Ford Customer Service will not tell you anything directly (normal) but they should work behind the scenes to solve this.

Word of warning. In the future and with any car complaint (little, big, multiple, oil change to engine swap and everything in between) you must ALWAYS get a copy of the repair order spelling out the complaint the disposition of that complaint.
Without a paper trail you may be dead in the water, especially considering the time delay involved.

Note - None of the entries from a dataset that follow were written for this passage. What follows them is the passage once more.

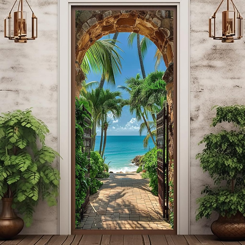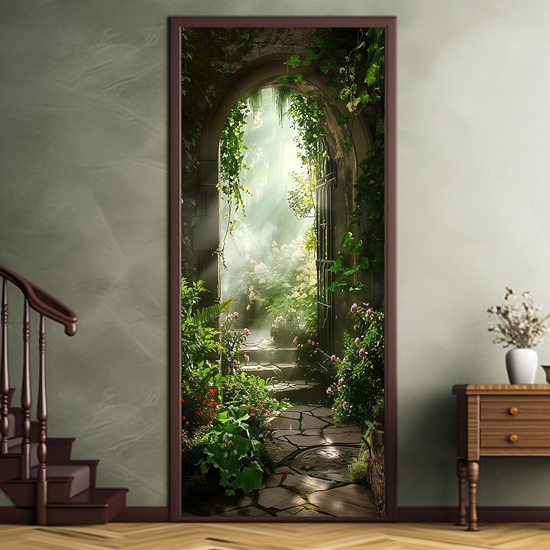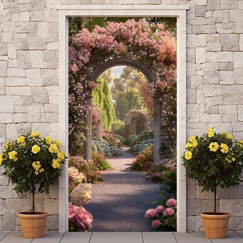 Valentine's Day Garden Arch Floral Door Covers Mural Decor Door Tapestry Door Curtain Decoration Backdrop Door Banner Removable for Front Door Indoor Outdoor Home Room Decoration Farmhouse Decor 9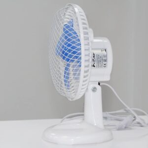 Ventilatore da tavolo con clip di fissaggio bianco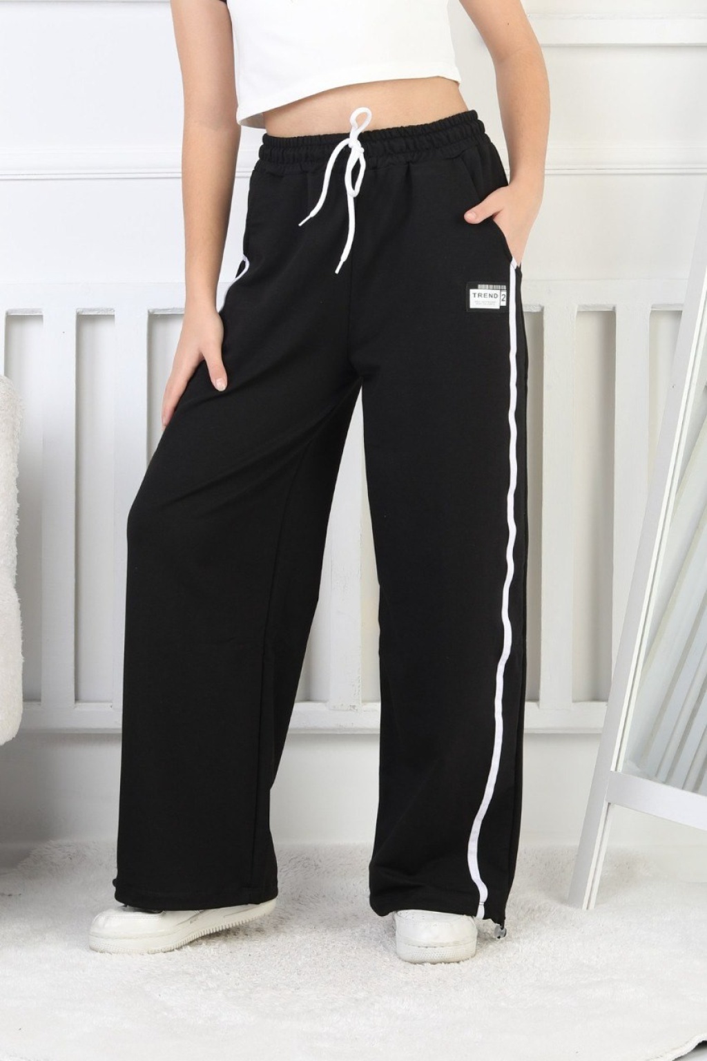 İki İplik Çapraz Çizgili Kız Çocuk Eşofman Altı
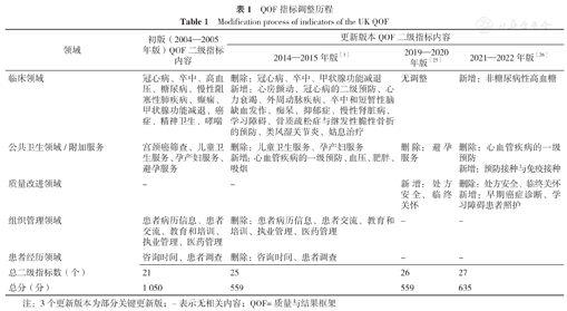 在实施过程中,NHS发现初版QOF包含的患者病历信息、患者调查等指标的分值总和高达245分,约占QOF总分的23%,这可能导致全科诊所每年为了完成指标而对患者进行不必要的实验室检查,而忽视了对患者的照护。同时,初版QOF也存在注重指标完成情况而忽略患者的体验和感受、预防保健和健康促进相关的指标过少等问题,可能无法促使全科医生提供高质量的预防保健和健康促进服务[1]。因此,针对QOF运行中出现的问题,NHS逐步对QOF进行调整。QOF指标内容在2014年和2019年经历了较大幅度的调整。QOF指标体系调整的历程具体见表1。

Just out of curiosity you might check with the parts dept. and ask them if they have a record of that mirror being ordered before talking to the service manager.
My gut feeling is that the service writer may have pushed it to the back of his mind and failed to follow through on it.

Did they begin paperwork ( a repair order ) to diagnose the mirror ?
That r.o. is the proof it’s covered.
Ford will pay it provided there is not physical damage to the mirror, ( they just need someone who knows how to file the claims )They could start an ro today and write any mileage on it they want if the truck is in warranty by date.

Did they NOT initiate diagnostic paperwork ?
The dealer screwed up and owes you the mirror in lieu of warranty.

If there’s no extenuating circumstance that makes this not warranty;
Phone 800-392-3673 ( in your owner’s manual. )

( I am a Ford dealer parts man since 1979 )

SOME sleazy dealerships have got their sleaze tactics down so well…Here are a few I’ve seen over the years.

. No paperwork on ANY warranty work will be given to the customer. If the customer has no paperwork then the customer has no leverage dispute the dealer.
. Deny ALL warranty claims when the OD or calendar is past the warranty period. If the claim is related to a previous claim that was performed under warranty there should be no paperwork for the customer to rely on.
. Deny that you have any records of any warranty work being done on customers vehicle even if it was.
. Any service the customer pays for that will be covered under warranty under a future date…be very very vague in any paperwork that the customer is given. Ex…If customer had a Transmission rebuilt…then the paperwork should only say “Transmission Service”. That way if a claim is to be made on the transmission on any future date the claim can be denied.

MOST people won’t fight it.

I ran across a dealership like this years ago. They’ve since gone out of business (got caught turning the OD back on some used cars). So when ever I buy a new (or even a used car) I ask about the warranty service and what paperwork is given when warranty work is done. I actually walked out of a dealership when I was in the market for a new car because I was told by the service manager that no paperwork was ever given to the customer. The service manager actually told me that Toyota does not give any paperwork to any customer for any warranty work. Needless to say it’s a blatant lie.

When a dealer orders a part it usually comes in a matter of days, not weeks or months. The customer should be given some sort of paperwork, often a card that is mailed to the customer to tell them the part is in. Something here is out of wack with my experience with dealers.

If the part arrived and the customer didn’t come in for the service for several months then the part is often sent back, or gets used on another vehicle so the process starts over from scratch. At that point the warranty period is past. Since the mirror may need to painted to match the car, there is some cost in this repair.

I think the customer has an argument, but should have some paperwork giving a date, and mileage on the car at the time the part was ordered. Without that it gives the dealer and Ford some wiggle room to deny the warranty claim. The lesson is get something in writing whenever it involves a warranty and make sure the paperwork has a date and mileage of the car at the time, then keep it in case you need it.